Regreso al oeste (9ª...)

Fecha de publicación: 10-sep-2012 16:59:12

Agua de lluvia, buena para todo...

Hice un alto en el camino. Salí del coche y encendí un cigarrillo y casi al instante me arrepentí de haberlo hecho; soplaba una brisa fría y molesta que me impedía disfrutar del humo. Lo apague sobre la hierba húmeda; estiré un poco las piernas y la espalda, sin alejarme demasiado del Renault 8 azul marino y; tras permitir a mi mente divagar y disfrutar de un paisaje, no por reconocible menos bello, regresé.

Abrí el maletero para asegurarme de que ninguna botella se había roto y derramado su contenido (el aguardiente tiene un olor especialmente fuerte y perdurable…); y de que los pasajeros gozaban de buena salud. Allí estaban, en un cesto de mimbre, de los que se utilizaban para la vendimia; entre los diez pesarían unos quince o dieciséis kilos. Sólo me habían pedido diez kilos pero, el precio estaba bien y a mí también me apetecía preparar y comer un poco de pulpo a la gallega.

Uno de los cefalópodos se había escapado. Lo agarré por la cabeza, metiendo el dedo medio por debajo de la caperuza, como mi abuelo me había enseñado y lo devolví al cesto. Él se resistió todo lo que pudo intentando pegar sus tentáculos en la superficie de las maletas y las bolsas de plástico que contenían las patatas, las cebollas, los ajos; todo fue inútil, su destino estaba escrito desde que entró en aquella nasa.
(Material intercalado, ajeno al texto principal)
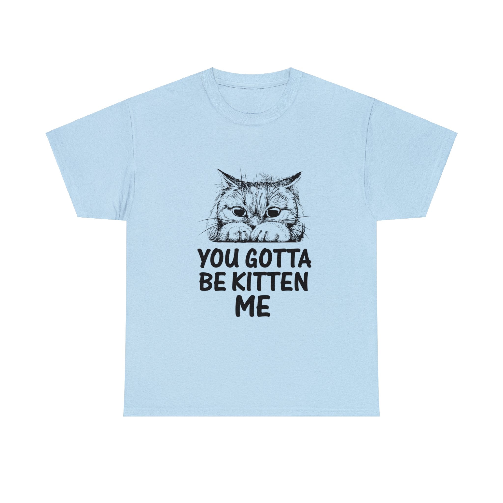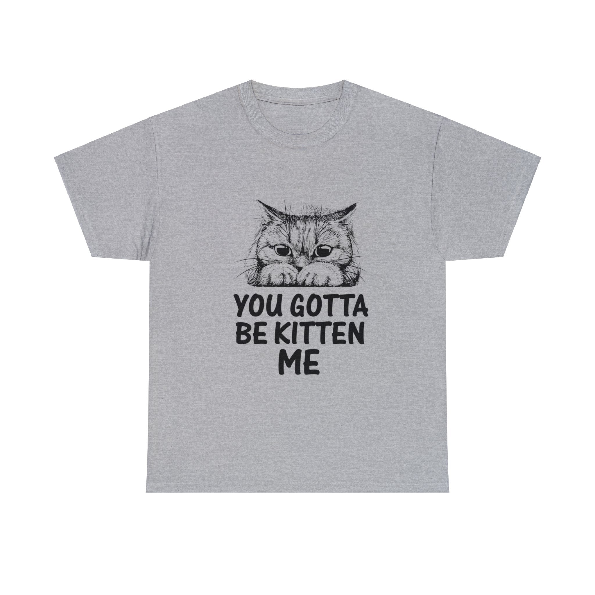 Prepare for an endless supply of feline puns, playful antics, and endless bouts of laughter with this hilarious cat tee that embodies the phrase "You Gotta Be Kitten Me." It perfectly captures the absurdity of cats and their uncanny ability to make us laugh. Whether witnessing their mischievous antics or marveling at their quirky behaviors, cats are sure to keep us entertained and amused. Embrace the silliness and enjoy the endless fun that comes with being a cat aficionado.

Acabaría troceado; después de haber cocido durante alrededor de veinte minutos, rodeado de patatas; con sal y pimentón picante.

Hablé con él unas palabras… dulces, como la muerte que tendría. Dicen que morir a causa del frío, de la congelación, es una muerte dulce, indolora; imagino que para los cefalópodos también lo será y, así sería su futuro inmediato. Descansar en el sarcófago del congelador durante al menos uno o dos meses antes adornar la mesa. Cuando lo estaba depositando en el cesto, al lado de sus compañeros de viaje y de destino, vi que se había comido un buen trozo de uno de sus propios tentáculos, aún lo tenía parcialmente metido en la boca…

No puede evitar pensar: “este también se está engañando a si mismo” y; maldecir al que me los había vendido. Me había asegurado que eran fresquísimos: “desta mañán mismiño”, había dicho cuando yo le había insistido en que fuesen recién capturados porque tenían un largo viaje por delante, y era evidente que me había engañado. Al menos uno de ellos tenía demasiada hambre como para haber comido en los últimos tres o cuatro días.

Nunca he entendido por qué pasan estas cosas. Por qué tantos mienten tanto; por qué la mentira tiene que ser un elemento indispensable en cualquier tipo de actividad comercial. Si yo nunca ponía peros al precio de los cefalópodos, o al del pescado ¿por qué casi siempre tenía que sufrir alguna triquiñuela de ese tipo? O intentaban colarme alguna dorada o, algún róbalo criado en cautividad mezclados con los del curricán del día anterior. Mi abuelo me había enseñado todos los trucos que ellos empleaban y, por supuesto, a reconocer el pescado y el marisco fresco por el color, el olor, la textura y algunas otras características más internas que, desgraciadamente, sólo se ven una vez eviscerado el pez, y esas cosas no se olvidan...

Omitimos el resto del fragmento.